You can rebuild an index by performing either an ONLINE or OFFLINE operation. If you choose to rebuild the index as an ONLINE operation, then the original version of the index is still accessible while the operation takes place. The ONLINE operation comes at the expense of both time and resource utilization. You need to enable ALLOW_PAGE_LOCKS to make your ONLINE rebuild successful.

The script in Listing 8-16 demonstrates how we can rebuild the NCI_Balance index on the OrdersDisk table. Because we have not specified ONLINE = ON, it uses the default setting of ONLINE = OFF, and the index is locked for the entire operation.

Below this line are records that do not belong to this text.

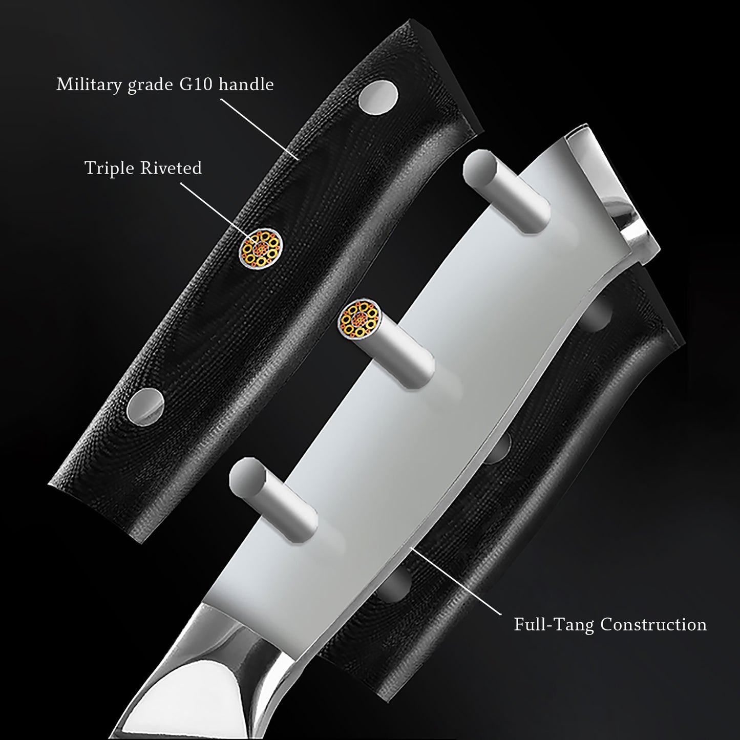 - Take Good Care of It: Take good care of a Damascus knife and it will serve you for a long time. Please hand wash it with warm water after every use and dry completely with a soft towel, then store it with a magnetic knife strip or a knife sheath, apply food-grade mineral oil to the blade periodically is best.
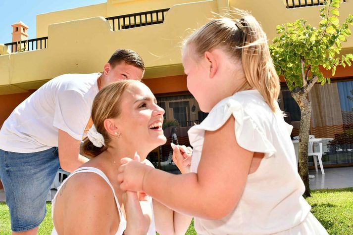 Ásta birtir reglulega myndskeið á TikTok þar sem hún veitir innsýn í líf fjölskyldunnar – og þann veruleika að vera móðir fimm barna sem eru öll með sérþarfir. „Ég vildi fyrst og fremst koma með vitundarvakningu, fræða fólk og líka hjálpa öðrum foreldrum þarna úti sem eru í svipuðum aðstæðum. Það er svo mikilvægt að vita að maður er ekki einn,“ segir Ásta en viðbrögðin við myndskeiðunum hafa verið talsverð. Hún hefur fengið fjölda skilaboða frá foreldrum sem hafa speglað sig í frásögn hennar. Með myndskeiðum sínum vill Ásta sýna að lífið með börnum með sérþarfir er hvorki stöðug barátta né stöðug gleði, heldur blanda af hvoru tveggja. Myndskeiðin eru mislöng og misalvarleg og það glittir reglulega í húmor og lífsgleði. „Ég vildi ekki hafa öll myndskeiðin þung og alvarleg, vegna þess að það er nauðsynlegt að halda í húmorinn í þessum aðstæðum.“ Ásta og Aaron hafa verið hjón í fjögur ár.Aðsend Ásta og eiginmaður hennar, Aaron Eyþórsson, búa á Húsavík ásamt börnunum sínum fimm. Ásta er fædd og uppalin í bænum en Aaron er að sunnan. „Ég og Aaron hittumst fyrst árið 2019, þegar hann kom til Húsavíkur til að vinna fyrir PCC. Við giftum okkur árið 2021. Aaron á tvö börn af fyrra sambandi, Karl Mikael sem er 15 ára og Írenu Þórey sem er 12 ára. Ég á tvo stráka af fyrra sambandi, Benedikt Berg sem er 13 ára og Sebastian Berg sem er 9 ára. Saman eigum við svo Natalíu Hafdísi sem er 4 ára að verða 5 ára. Fjögur af börnunum okkar, sem sagt öll nema yngsta stelpan okkar, eru með ADHD og þrjú af þeim eru einnig greind með einhverfu. Börnin okkar eru sem sagt öll skynsegin, með mismunandi skynúrvinnslu en öll eru þau yndislega frábær, hvert á sinn hátt.“ @astabjorkadalgeirs Ekkert getur undirbúið þig fyrir það að eignast börn með fatlanir. #einhverfa #íslenskttiktok #skynsegin #mömmutiktok #fyrirþig ♬ All That Really Matters - ILLENIUM & Teddy Swims Eins og að fá blauta tusku í andlitið Yngsta dóttir Ásta og Aarons, Natalía Hafdís, er með sjaldgæft heilkenni sem heitir DEE56 og stendur fyrir Developmental and Epileptic Encephalopathy 56. Það sem veldur DEE56 er svokölluð YWHAG-stökkbreyting. Sjúkdómurinn er ekki arfgengur, heldur er um tilviljunarkennda stökkbreytingu að ræða. Sjúkdómurinn veldur því að Natalía glímir við flogaveiki og þroskaskerðingu, auk þess sem hún talar ekki. „Hún er sú eina á landinu sem vitað er til að sé með þetta heilkenni. Mér skilst að það séu ekki nema í kringum 30 tilfelli á heimsvísu.“ Natalía fékk greininguna þegar hún var tveggja ára gömul, en foreldrana hafði þá grunað lengi að eitthvað væri að. „Hún var tæplega sex mánaða gömul þegar við tókum fyrst eftir því að eitthvað var ekki eins og það átti að vera. Þegar hún sat í stól var hún til dæmis alltaf að skella hausnum fast aftur. Hún var alltaf að snúa höndunum og fótunum og myndaði ekki augnsamband. Okkur grunaði strax að þetta gæti verið einhverfa en ákváðum að bíða þar til hún færi á leikskóla og sjá hvað yrði sagt við okkur þá. Hún byrjaði á leikskóla eins árs og var búin að vera þar í sirka hálft ár, þegar við fórum og hittum ljósmóður hjá ungbarnaverndinni. Við sögðum henni frá áhyggjum okkar og hún hlustaði og tók okkur mjög alvarlega og lét okkur fylla út lista. Við töluðum við deildarstjórann og leikskólastjórann sem sögðust hafa tekið eftir þessu líka. Natalía er sú eina á landinu sem greind er með stökkbreytinguna.Aðsend Við vorum síðan send til barnalæknis á Akureyri og þaðan á erfðadeildina á Landspítalanum, í genarannsókn. Svo heyrðum við ekkert meira í sirka hálft ár, en við gengum alltaf út frá því að hún væri á einhverfurófi. Einn daginn fengum við síðan boð á fund og þar var okkur tilkynnt að hún væri með þessa stökkbreytingu og þennan sjúkdóm. Þá var Natalía orðin tveggja ára. Þessi fundur situr enn þá í mér út af því hvernig við vorum kvödd. Við fengum þessar fréttir og svo var það bara „Ókei, bless.“ Þetta var eins og að fá blauta tusku í andlitið. Við sátum eftir, algjörlega í lausu lofti og vissum ekkert. Við þurftum sjálf að leita að öllum upplýsingum. Það var engin eftirfylgni. Þetta var rosalega mikið áfall. Við þurftum að finna rosalega mikið af upplýsingum sjálf. Það hjálpaði reyndar mikið þegar við fundum alþjóðlegan hóp á Facebook fyrir foreldra barna sem eru með þessa stökkbreytingu. Það hjálpar helling að heyra þeirra sögur og geta speglað sig í þeim,“ segir Ásta. „Við erum mjög heppin með stuðningsnetið og teymið sem við höfum hérna á Húsavík, frá félagsþjónustunni og leikskólanum. Natalía er með stuðning í leikskólanum allan daginn og stuðningsmanneskjan er líka liðveislan hennar.“ Eitt einkennið sem fylgir stökkbreytingunni er að Natalia er mjög stór eftir aldri. „Hún er að verða fimm ára en klæðist fötum sem eru gerð fyrir 12 og 13 ára aldur. Það getur verið mjög snúið að finna föt sem passa, sérstaklega útiföt. Mamma mín er eiginlega í fullri vinnu við að stytta ermar og laga lengdina á fötunum.“ Sem fyrr segir þá er Natalía „non-verbal“ eins og það er kallað. Í myndskeiði sem Ásta birti á TikTok á dögunum deildi hún því að það sem hún óskaði mest að fá í jólagjöf væri að heyra röddina á litlu stelpunni sinni, heyra hana segja „mamma“ og „ég elska þig.“ @astabjorkadalgeirs Bara eitt “mamma”, bara eitt “ég elska þig” 🥺 #autismawareness #nonverbalautism #ywhag #autismtiktok #einhverfa ♬ original sound - dilzaa._ „Það getur verið afskaplega erfitt og sárt að horfa upp á barn si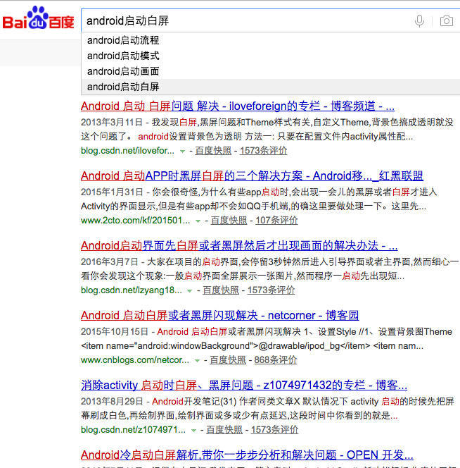 可能有人要问了,这不是挺好的一个欢迎界面吗?有啥问题,我相信看的仔细的看官会发现启动之后有一段时间是空白的,即使是很短,让人看着也不舒服,这时候可能又有人说了,那可能是你在application里面干了耗时的事才导致的,话说我一开始也是这样觉得的,然后我令写一个demo作测试,发现然而并不关你的application什么事儿,因为我都没有application,启动的时候依然有这样的问题,然后我就去对比我手机上腾讯公司和其他公司的产品,我发现他们的app大多是在你手指按下桌面图标的时候,先**"静止"**一段时间,然后再启动,而且中间一点白色的间隙也没有,这是什么鬼,带着疑惑,我去百度了一番,发现问题还真有: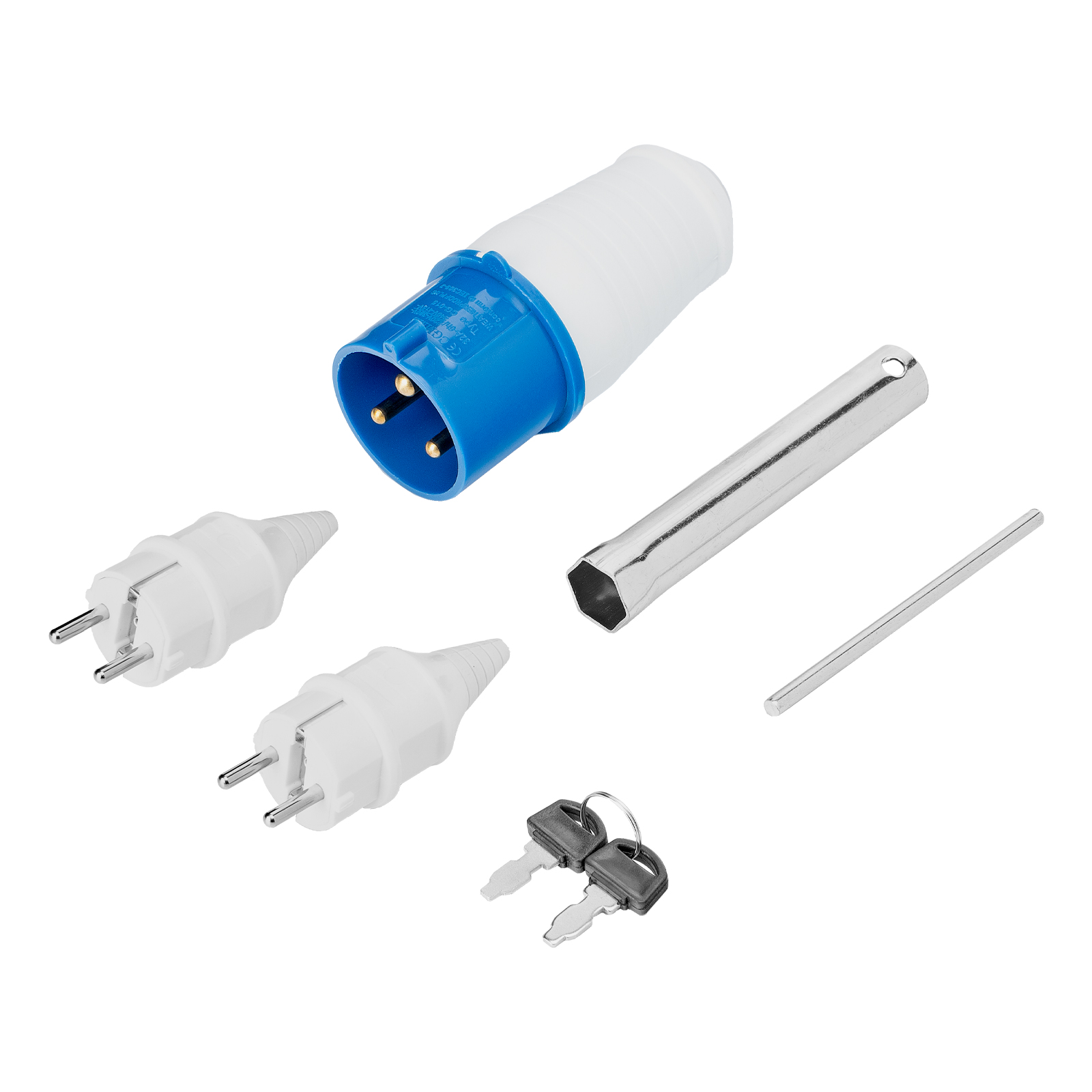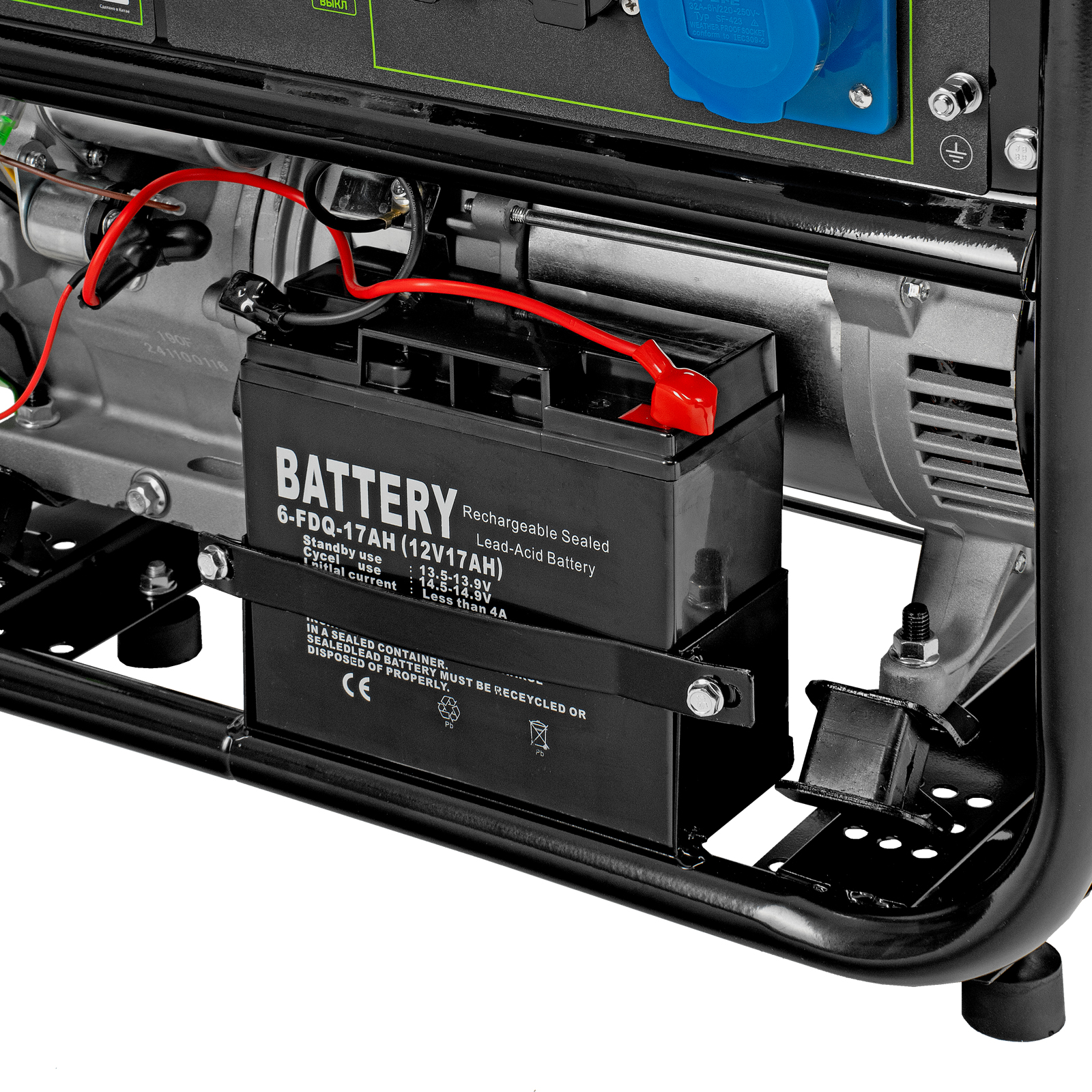Генератор - 1 штКлюч зажигания - 2 штКлюч свечной - 1 штВилка 230В/16А - 2 штВилка 230В/32А - 1 штРуководство по эксплуатации с гарантийным талоном - 1 штБатарея аккумуляторная - 1 шт |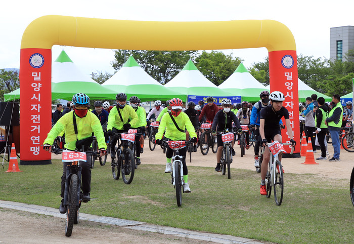▲15일 예림초등학교에서 개최된 밀양시 생활체육 시민자전거 타기 대회 참가자들이 출발하는 모습(사진=밀양시) |

Because we specify MAXDOP = 1, the operation is slower, but has no fragmentation.

ALTER INDEX NCI_CustomerID ON dbo.OrdersDisk REBUILD WITH(MAXDOP = 1) ;

Listing 8-16

Rebuilding an Index

If you create a maintenance plan to rebuild or reorganize indexes, then all indexes within the specified database are rebuilt, regardless of whether they need to be—this can be time-consuming and eat resources. You can resolve this issue by using the sys.dm_db_index_physical_stats DMF to create an intelligent script that you can run from SQL Server Agent and use to reorganize or rebuild only those indexes that require it. This is discussed in more detail in Chapter 17.

Tip

There is a myth that using SSDs removes the issue of index fragmentation. This is not correct. Although SSDs reduce the performance impact of out-of-order pages, they do not remove it. They also have no impact on internal fragmentation.

Resumable Index Operations

SQL Server 2019 supports resumable online index creation and index rebuilds for both traditional (clustered and nonclustered) indexes and Columnstore indexes. Resumable index operations allow you to pause an online index operation (build or rebuild), in order to free up system resources and then restart it again, from where it left off, when resource utilization is no longer an issue. These operations also allow an online index operation to be restarted, after it has failed for common reasons, such as lack of disk space.

Some of the advantages that this functionality brings to a DBA are clear. For example, if a large index rebuild needs to fit inside a short maintenance window, then the rebuild can be paused at the end of a maintenance window and restarted at the beginning of the next, as opposed to having to abort the operation, to free up system resources. There are also other, hidden benefits, however. For example, resumable index operations do not consume large amount of log space, even when performed on large indexes. This is because all data required to restart the index operation is stored inside the database. A side note of this is that the index operation does not hold a long-running transaction while paused.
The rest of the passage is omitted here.